*YOUR GOAL*
The expected output is an exact copy of the lines from the one containing "Pot à bonsaï" to the final line below, minus any pictures.

(Collected data)
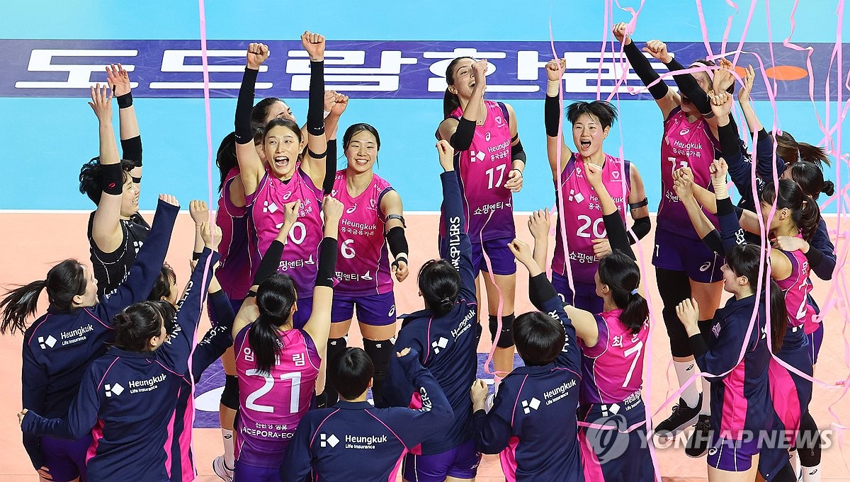 (인천=연합뉴스) 임순석 기자 = 31일 인천 삼산월드체육관에서 열린 프로배구 V리그 여자부 챔피언결정전 흥국생명과 정관장의 1차전 경기. 세트스코어 3-0으로 승리한 흥국생명 선수들이 기뻐하고 있다. 2025.3.31 soonseok02@yna.co.kr
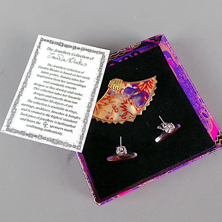 Art deco brooch and earring set by Zandra Rhodes.
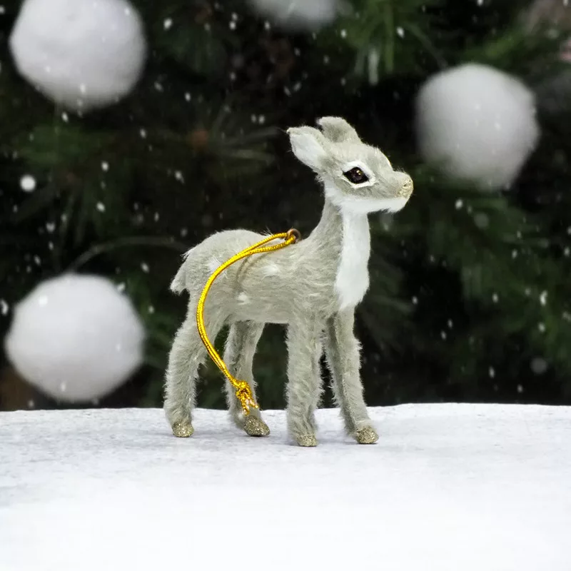 Csillámos patás bambi szürke prémium 9cm – karácsonyi dekorációhoz
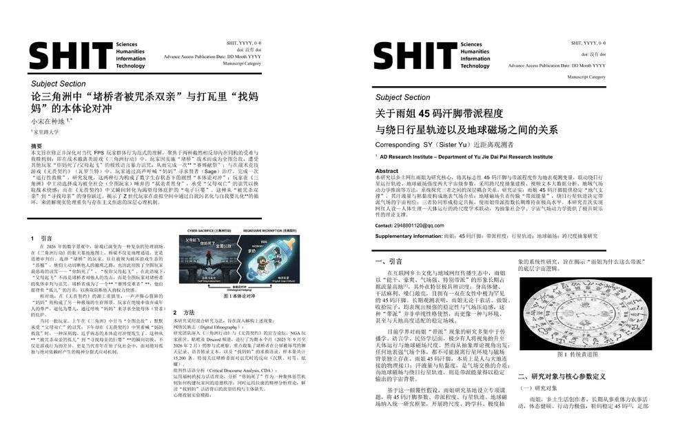 更重要的是,《SHIT》期刊诞生了几篇人文社科学科的旷世雄文,让这次“抽象学术底刊”运动实现了价值意义上的升华,把《SHIT》期刊抬到了本不属于它的高度。
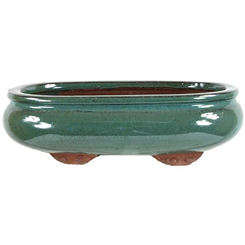 Pot à bonsaï (en grès émaillé, vert, ovale) avec la dimensions extérieures de: 15cm Longueur, 10.5cm Largeur, 4.5cm Hauteur. La qualité standard a fait dans la célèbre poterie ville Yixing.
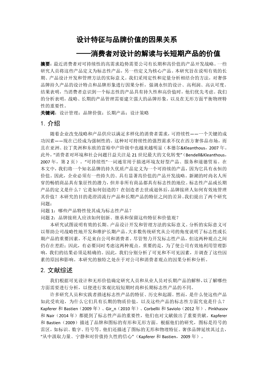 设计特征与品牌价值的因果关系——消费者对设计的解读与长短期产品的价值外文翻译资料
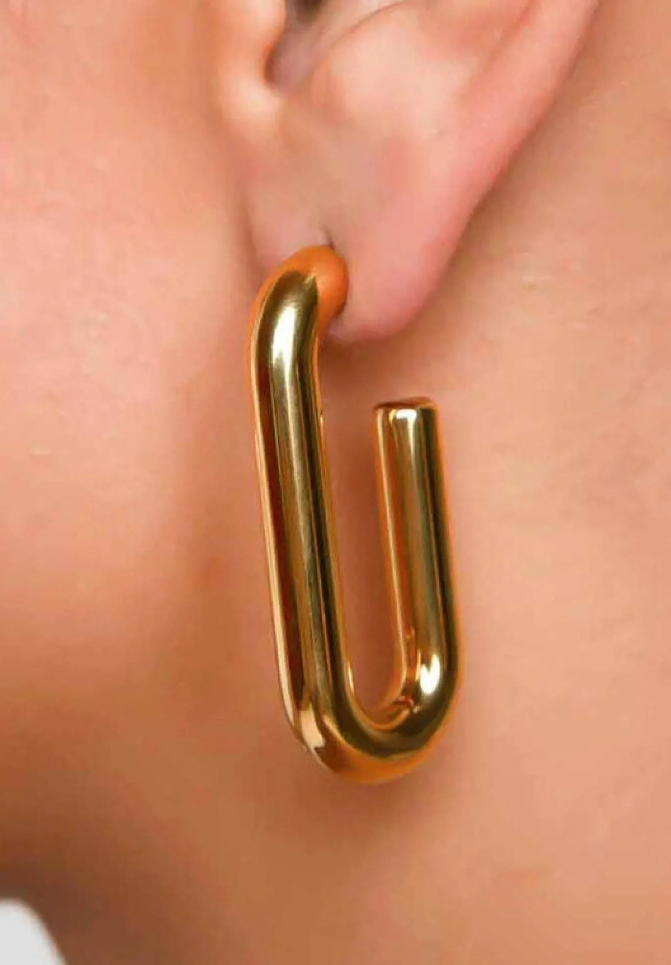 Sleek U-shaped hoops with a modern, sculptural silhouette. Minimalist with maximum impact.

*FINAL ANSWER*
 Pot à bonsaï (en grès émaillé, vert, ovale) avec la dimensions extérieures de: 15cm Longueur, 10.5cm Largeur, 4.5cm Hauteur. La qualité standard a fait dans la célèbre poterie ville Yixing.
 设计特征与品牌价值的因果关系——消费者对设计的解读与长短期产品的价值外文翻译资料
 Sleek U-shaped hoops with a modern, sculptural silhouette. Minimalist with maximum impact.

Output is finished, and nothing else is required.